Helena (Helen) Weider, wife of Blue Mountain Resorts founder Jozo Weider, passed away Tuesday, January 22, at the age of 101 years.
Born in 1906, in what is now the Czech Republic, she lived and worked in Prague, loved the outdoors and took frequent ski trips to the mountains of Slovakia. On one of those she met Josef (later nicknamed Jozo) Weider, an adventurous young entrepreneur who had built a ski lodge in the Carpathian range. She married Jozo in 1934, and the two of them operated their lodge and hosted skiers, hikers and mountain climbers.
Escaping the overtones of war in 1938, Jozo and Helen immigrated to Canada with their baby son George. They first settled in the Peace River district near the Yukon border.
Shortly following, Jozo was hired as a ski instructor by the Canadian Pacific Railway Company in Chateau Frontenac in Quebec. By then, they had had two children, their daughter Helen having been born in the Peace River district.
At Ste. Marguerite, in Quebec, Jozo met a wealthy lawyer and businessman Peter Campbell, who encouraged him to come to Blue Mountain. Jozo founded Blue Mountain Resorts Limited, with the backing of Campbell. Over the next 30 years he expanded Blue Mountain and made it into Ontario’s leading ski resort, with substantial year-round operations.
Throughout Jozo’s career he was supported by Helen, who assisted him in the operation and management of Blue Mountain’s ski shops, as well as the retail operations of Blue Mountain Pottery, another successful business that Jozo founded. All three daughters (twin girls Anna and Katherine were born in Collingwood) became Canadian ski champions.
After Jozo’s tragic death in a car crash in 1971, Helen found solace by taking up residence for 15 years on the south coast of Spain. This was a very creative period in her life. Although 65 years old, she learned Spanish and became fluent in that language, and while there, she renovated and sold two houses, and managed to write two books: Mountain Ballad and Tales of Andalucia.

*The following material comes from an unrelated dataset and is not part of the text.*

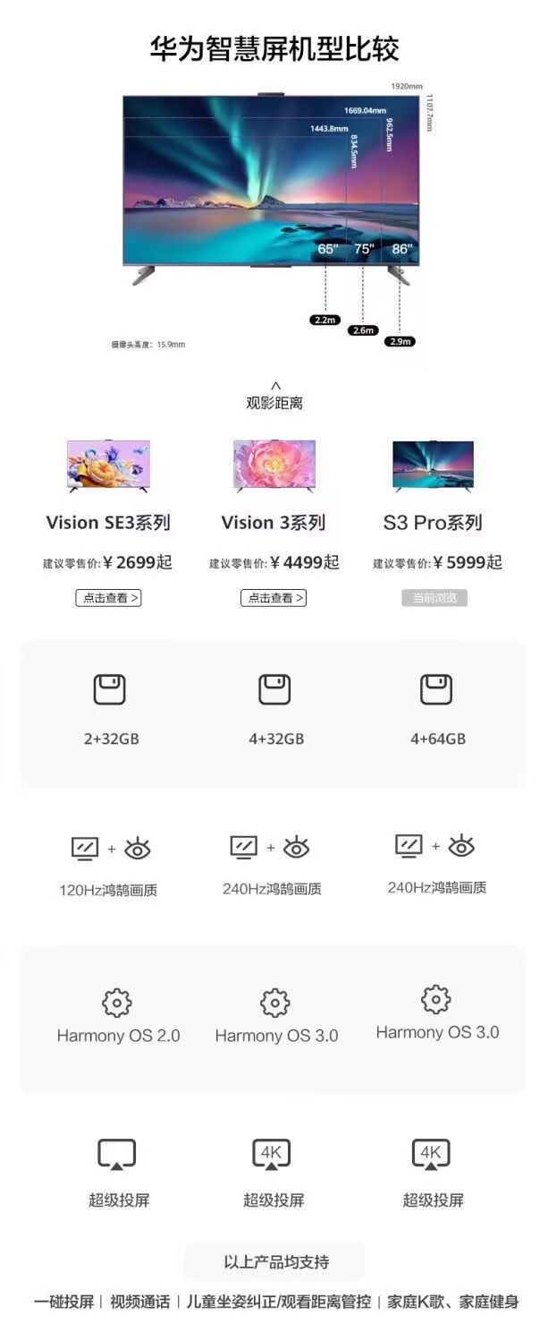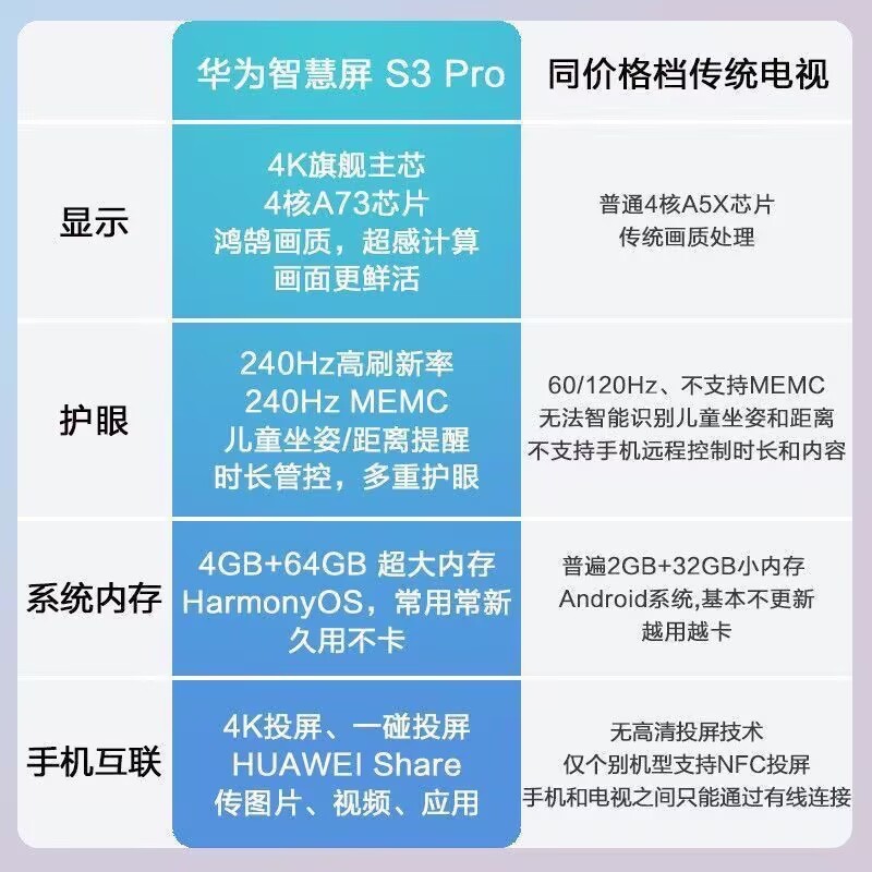 Huawei Smart Screen S3Pro75-inch 240Hz Honghu Picture Quality 4K HD Smart Full-screen Ultra-thin Home TV

Helen returned to Blue Mountain in 1986 and lived until recently in a home that her family built for her. Before taking up residence in a retirement home in 2004 she would walk to the new Intrawest Village at Blue Mountain carrying a rucksack on her back which she filled with groceries that she would take home to prepare her own meals.
This hardy woman endured immigration and the hardships of building a resort business, and saw her home country succumb first to Nazi and later Communist domination; and after liberation from totalitarian regimes, division into two nations: Czech and Slovak. In spite of these trials, she continued with good health and her own independent ways.
It was 66 years ago that Jozo, with Helen’s support, founded Blue Mountain Resort. In 1999 the Weider family sold a 50-per-cent interest in Blue Mountain Resort to the Intrawest Corporation.
Family members, however, continue to be active in the operation. Jozo and Helen's son-in-law, Gordon Canning, is President and CEO. George Weider, Jozo and Helen's son, is Chairman of the Board.